Exercise description ▸ Leave the pictures out, and transcribe the material below exactly from the line with "En 9 entidades" to the line with "Un luxueux cardigan", both lines included.

[[ Excerpted records open ]]

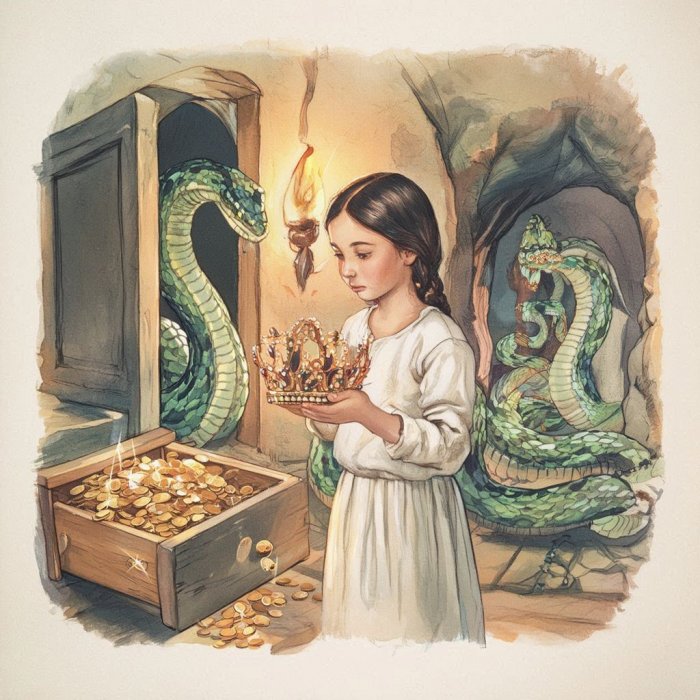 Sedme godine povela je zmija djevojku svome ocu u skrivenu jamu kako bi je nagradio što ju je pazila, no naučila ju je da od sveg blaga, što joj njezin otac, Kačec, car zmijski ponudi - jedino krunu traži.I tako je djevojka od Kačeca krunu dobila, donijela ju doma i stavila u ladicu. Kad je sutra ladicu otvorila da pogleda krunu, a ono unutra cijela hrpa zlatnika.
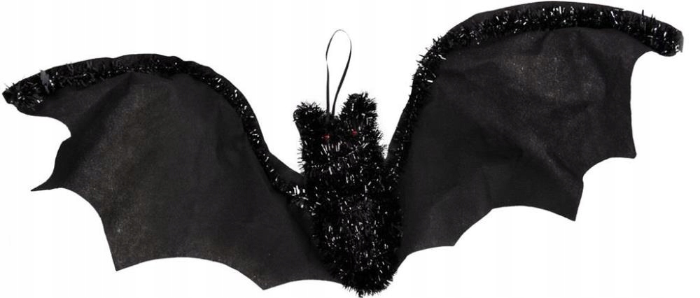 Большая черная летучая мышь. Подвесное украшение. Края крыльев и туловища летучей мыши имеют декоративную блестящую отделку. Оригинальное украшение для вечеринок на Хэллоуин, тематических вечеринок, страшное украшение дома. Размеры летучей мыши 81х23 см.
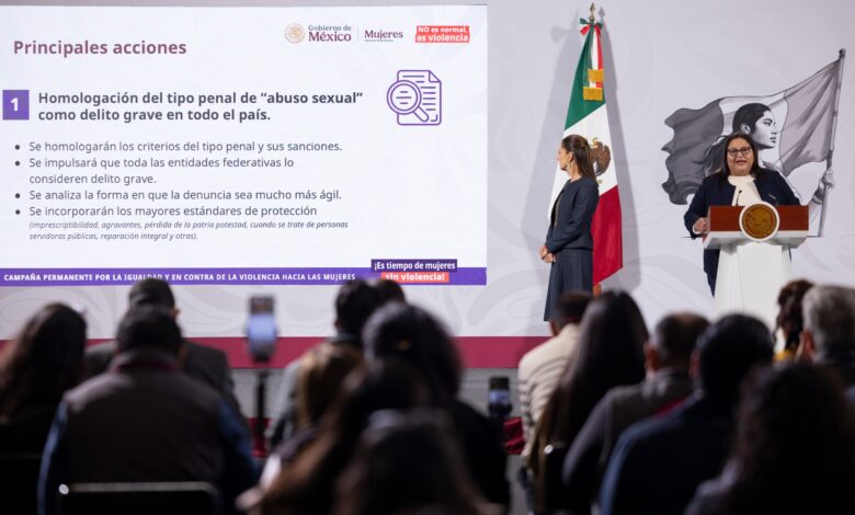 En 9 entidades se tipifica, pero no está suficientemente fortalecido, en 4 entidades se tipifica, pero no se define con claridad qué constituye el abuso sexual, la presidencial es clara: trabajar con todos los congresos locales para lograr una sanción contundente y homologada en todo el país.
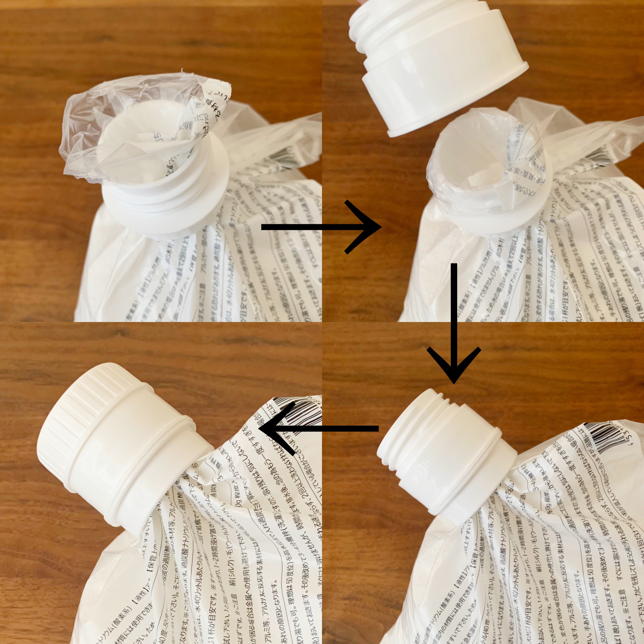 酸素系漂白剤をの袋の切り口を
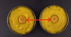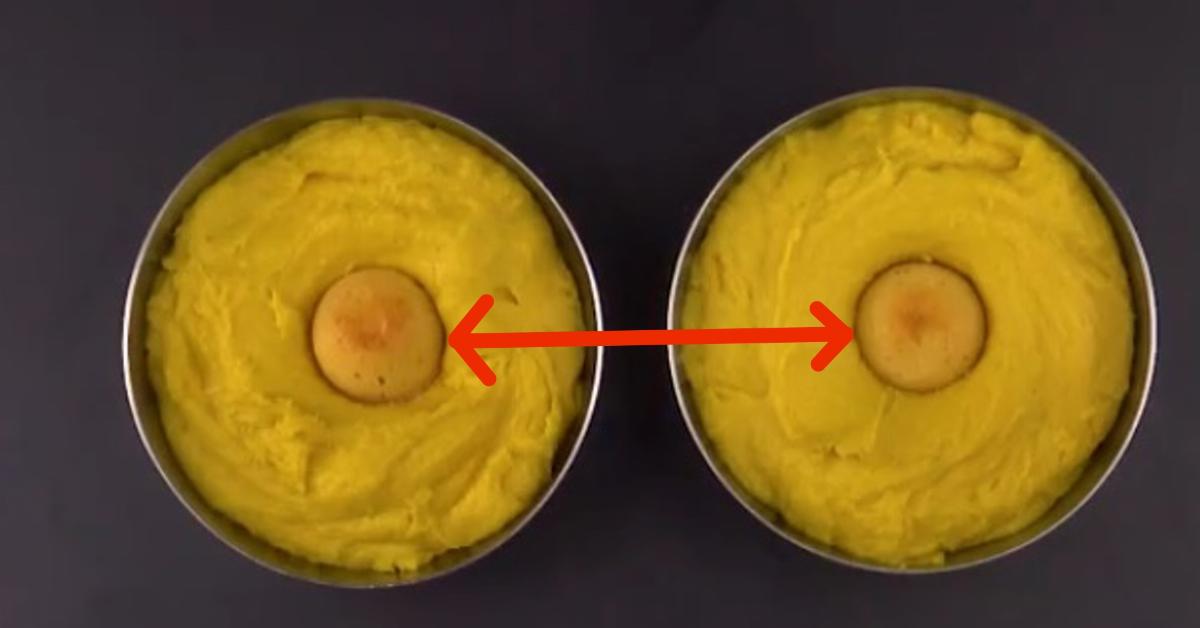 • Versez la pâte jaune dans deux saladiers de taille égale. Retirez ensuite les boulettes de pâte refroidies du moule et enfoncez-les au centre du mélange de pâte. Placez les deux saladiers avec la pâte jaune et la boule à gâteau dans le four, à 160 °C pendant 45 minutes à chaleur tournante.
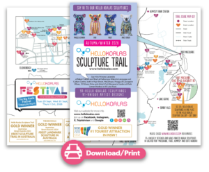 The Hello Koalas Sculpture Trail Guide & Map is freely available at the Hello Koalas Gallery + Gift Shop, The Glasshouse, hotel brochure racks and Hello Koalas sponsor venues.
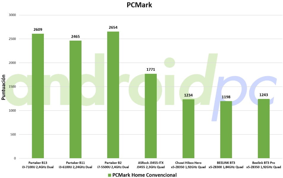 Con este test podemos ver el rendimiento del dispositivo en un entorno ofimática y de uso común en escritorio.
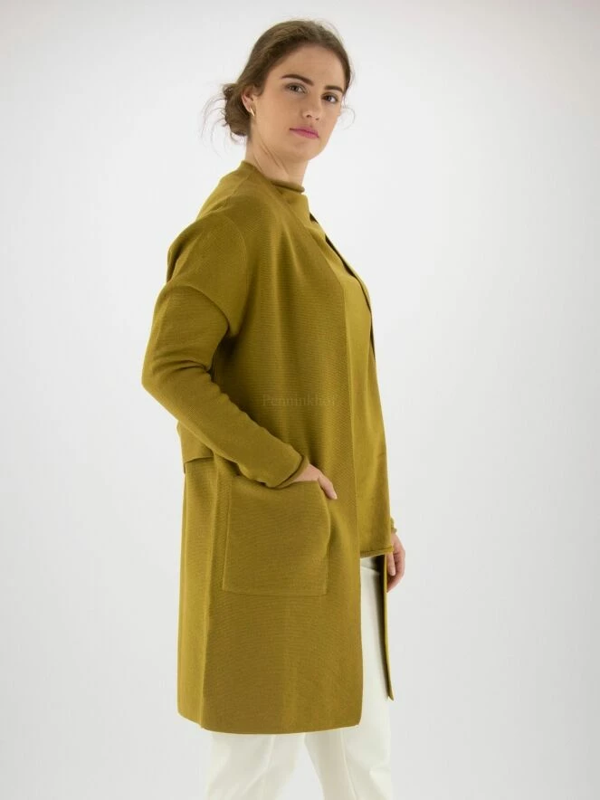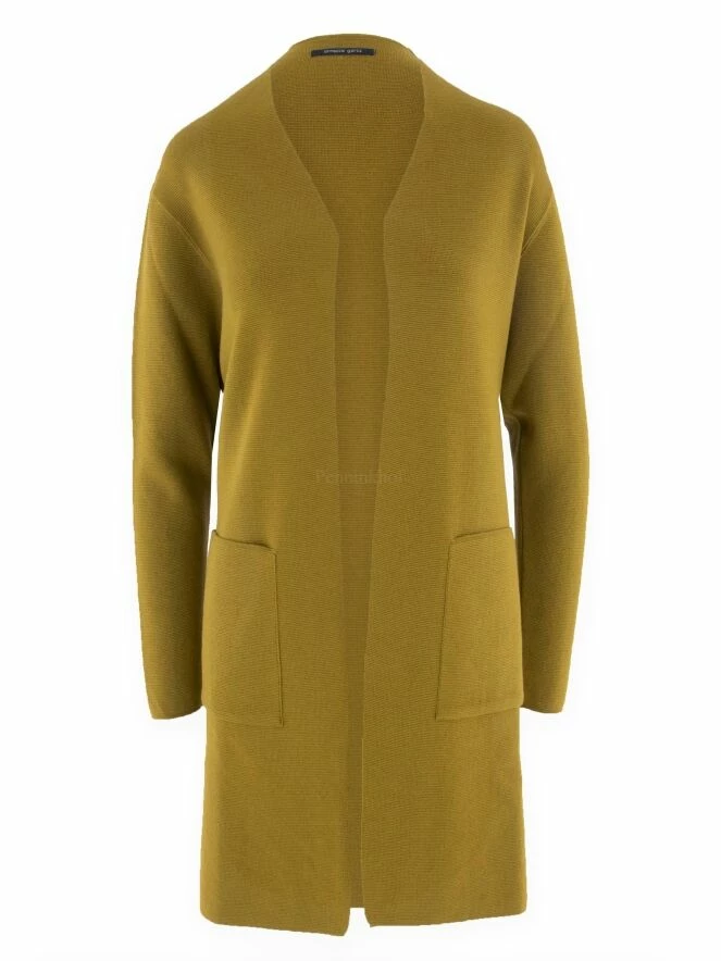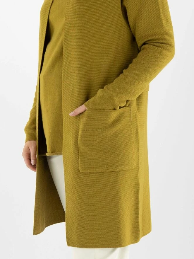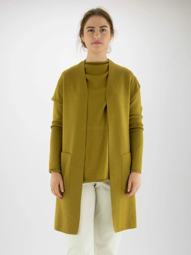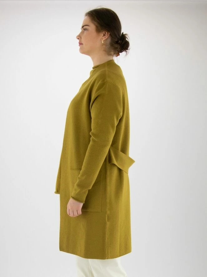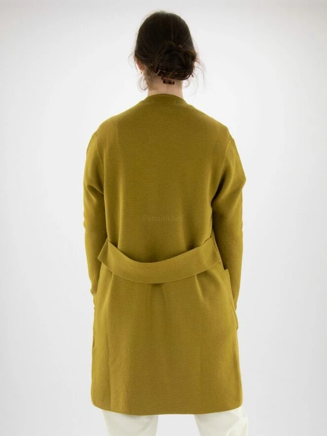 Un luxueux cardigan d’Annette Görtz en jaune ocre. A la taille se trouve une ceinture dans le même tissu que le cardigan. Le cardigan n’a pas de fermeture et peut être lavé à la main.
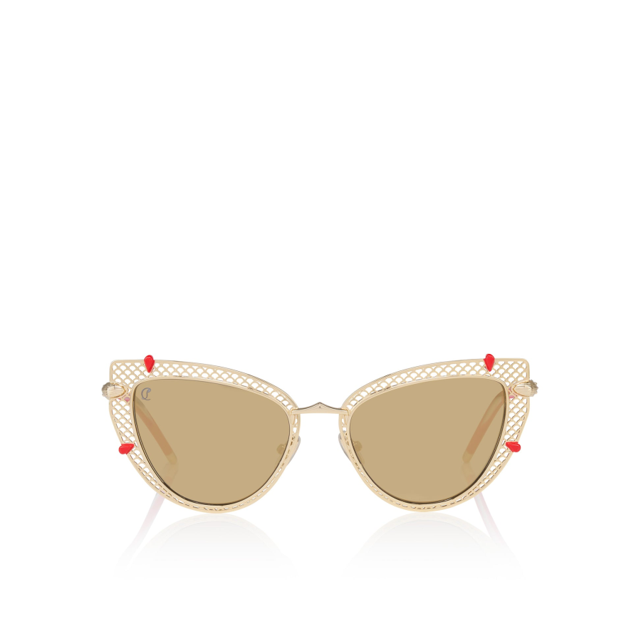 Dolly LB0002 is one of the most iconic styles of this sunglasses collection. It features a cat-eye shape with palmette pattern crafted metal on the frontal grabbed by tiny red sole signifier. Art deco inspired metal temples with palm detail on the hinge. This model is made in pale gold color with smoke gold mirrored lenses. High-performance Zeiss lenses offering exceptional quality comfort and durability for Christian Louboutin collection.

[[ Excerpted records closed ]]

Response box ▸
 En 9 entidades se tipifica, pero no está suficientemente fortalecido, en 4 entidades se tipifica, pero no se define con claridad qué constituye el abuso sexual, la presidencial es clara: trabajar con todos los congresos locales para lograr una sanción contundente y homologada en todo el país.
 酸素系漂白剤をの袋の切り口を
 • Versez la pâte jaune dans deux saladiers de taille égale. Retirez ensuite les boulettes de pâte refroidies du moule et enfoncez-les au centre du mélange de pâte. Placez les deux saladiers avec la pâte jaune et la boule à gâteau dans le four, à 160 °C pendant 45 minutes à chaleur tournante.
 The Hello Koalas Sculpture Trail Guide & Map is freely available at the Hello Koalas Gallery + Gift Shop, The Glasshouse, hotel brochure racks and Hello Koalas sponsor venues.
 Con este test podemos ver el rendimiento del dispositivo en un entorno ofimática y de uso común en escritorio.
 Un luxueux cardigan d’Annette Görtz en jaune ocre. A la taille se trouve une ceinture dans le même tissu que le cardigan. Le cardigan n’a pas de fermeture et peut être lavé à la main.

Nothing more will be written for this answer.